Hi @eileen_dover,
First, I’ll try to give you some context that will hopefully make it easier to understand my answers to your questions.
We can think of Snowplow events as being one of two types. We usually call them ‘atomic’ and ‘custom self-describing’ events (though you might see the latter also being called ‘custom unstructured events’). The main difference between these two types is that the self-describing events are always accompanied by information about the schema against which they must validate. Whereas the ‘atomic’ events do not come with a JSON schema to which they must conform.

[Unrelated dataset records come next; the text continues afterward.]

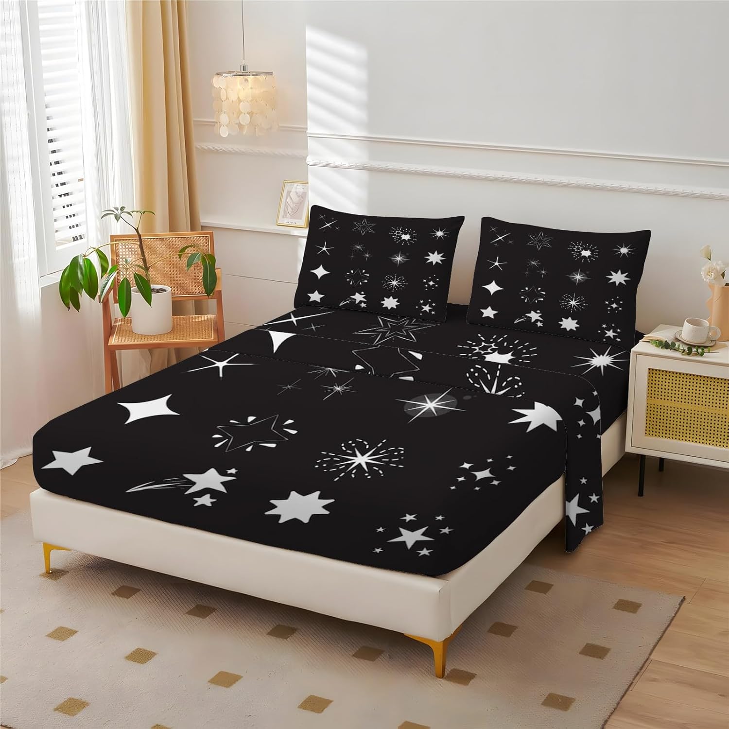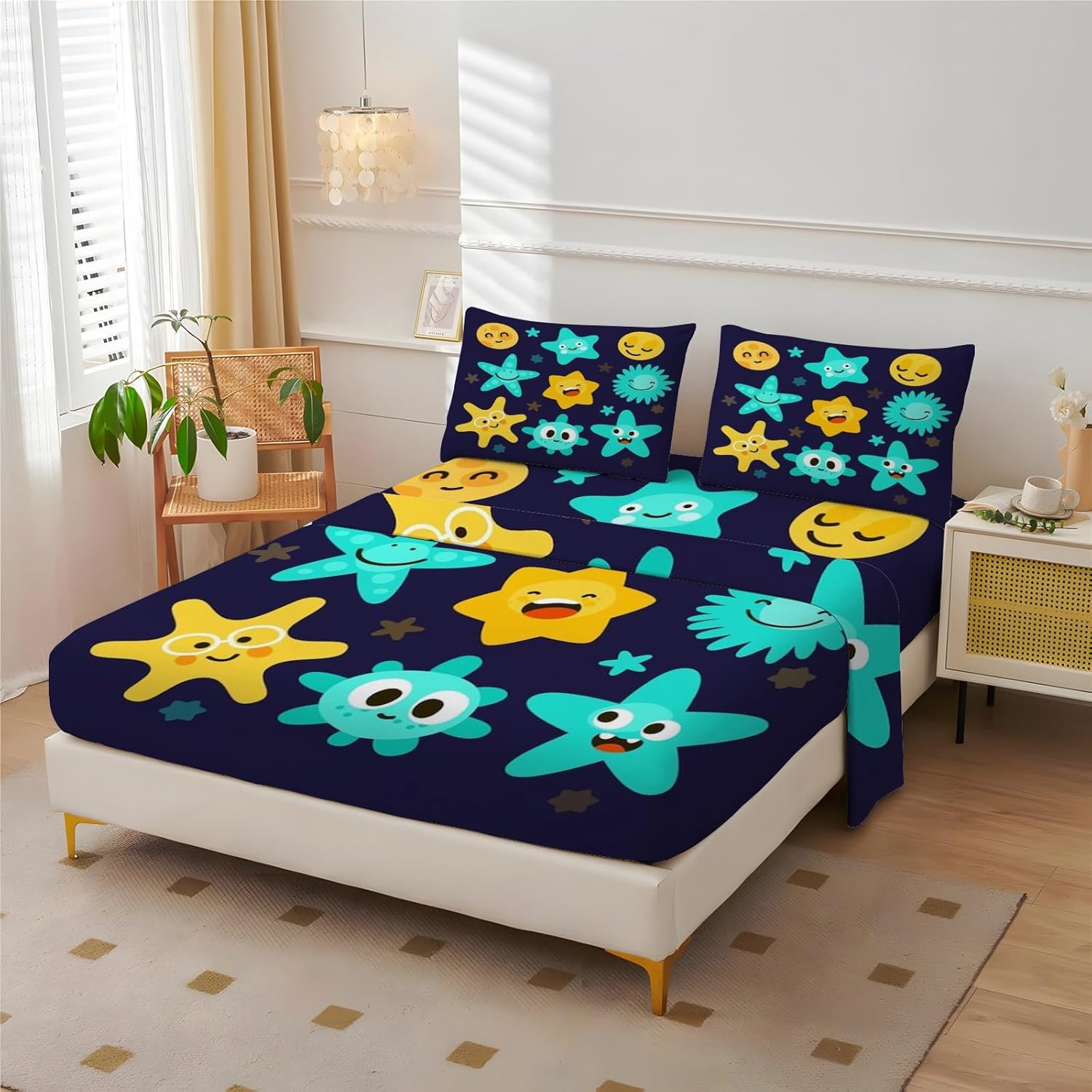 Dreams Begin Here: Comfortable, Stylish, and Practical Fitted Bed Sheets High-Quality Material Our bed sheet sets are made of double premium microfiber fabric, extra soft, comfortable, breathable, anti-shrink, durable, and no odor. Suitable for all seasons, the smooth feel of the sheet is very cozy which keeps you cool during summer and warm during winter ( Hot sleepers can also use it with confidence ) Perfect Fit, Strong Elastic Design These fitted sheets are meticulously designed to fit every inch of your mattress snugly, providing exceptional elasticity and a close fit. Enjoy a comfortable sleep experience without the worry of sheets slipping off Decorative Bed Sheet Set Chic and colorful patterns can perfectly decorate your room, and bedroom and make it look vibrant. Clear pattern, no fading, and high color fastness. Perfect gift for kids, boys, girls, teenagers Delicate Prints, Elevated Taste The delicate prints on these fitted sheets enhance the overall aesthetic, infusing your bedroom with the charm of nature. Ideal for those seeking a high-quality and distinctive style Pet Hair Resistant Don't worry about pet hair anymore, this sheet set won't attract cat and dog hair Customer Service If you have any questions about our products, please feel free to contact us, we are happy to serve you
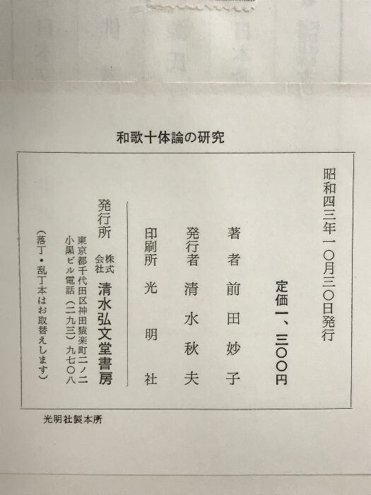 和歌十体論の研究 清水弘文堂書房 前田 妙子
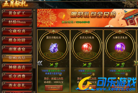 1.活动期间,玩家可在活动面板购买限购商品;(可翻页)
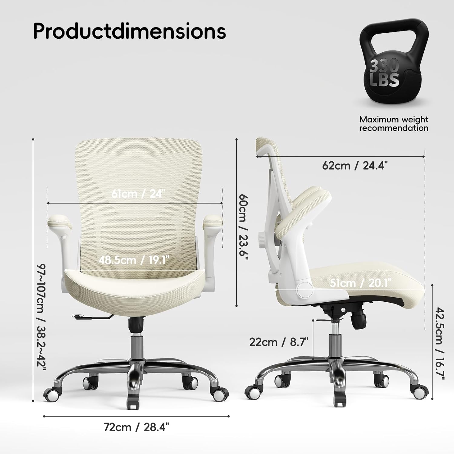 Home Office Ergonomic Chair-Computer PU Leather X-Shaped Desk Chair-Gaming Chair with Adjustable Flip-up Armrests Lumbar Support Mesh Executive Chair for Long Hours Office (Beige)
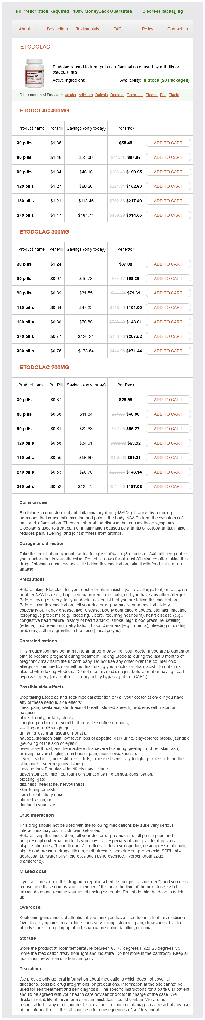 Etodolac packs: 30 pills, 60 pills, 90 pills, 120 pills, 180 pills, 270 pills, 360 pills
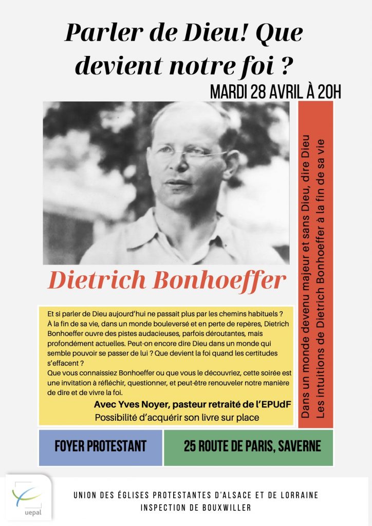CULTE CONSISTORIALL’épidémie, le confinement ont profondément perturbé notre vie. Aujourd’hui, dimanche 29 mars devait avoir lieu à à Furchhausen un culte consistorial. Il devait permettre notamment de marquer le départ en retraite du pasteur Cullmann. En suivant ce lien, vous pouvez, en retrouver le déroulement, y compris le message d’Isabelle Gerber, présidente de l’inspection de Bouxwiller. |
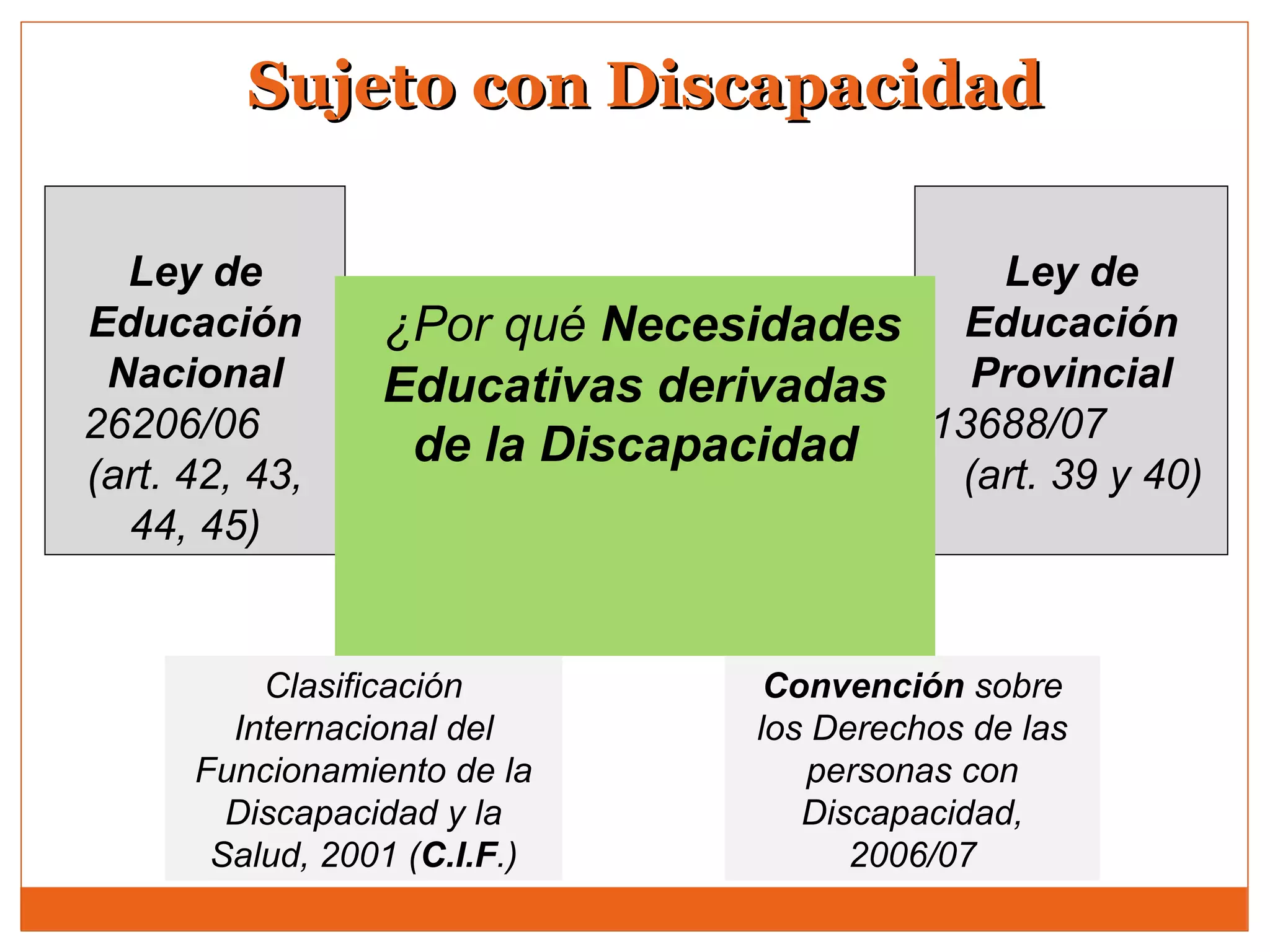 Este documento resume los principales paradigmas y modelos en educación especial, incluyendo el modelo social de discapacidad, la Convención sobre los Derechos de las Personas con Discapacidad, y la Clasificación Internacional del Funcionamiento de la Discapacidad y la Salud. Describe la estructura de la educación especial en Argentina y enfatiza la importancia de las trayectorias educativas integrales centradas en las necesidades y capacidades individuales de cada persona con discapacidad.

If you think of a Snowplow event as a single line, it will have properties like app_name
, event_name
etc and they are associated with specific values. If it’s an ‘atomic’ event, it might only have these simple key-value pairs. But, if it’s a self-describing event, it will have an additional field, called unstruct_event
. The value of this field will be a JSON with two important properties: schema
which points to the JSON schema that the event must validate against; and data
, which contains the actual event payload.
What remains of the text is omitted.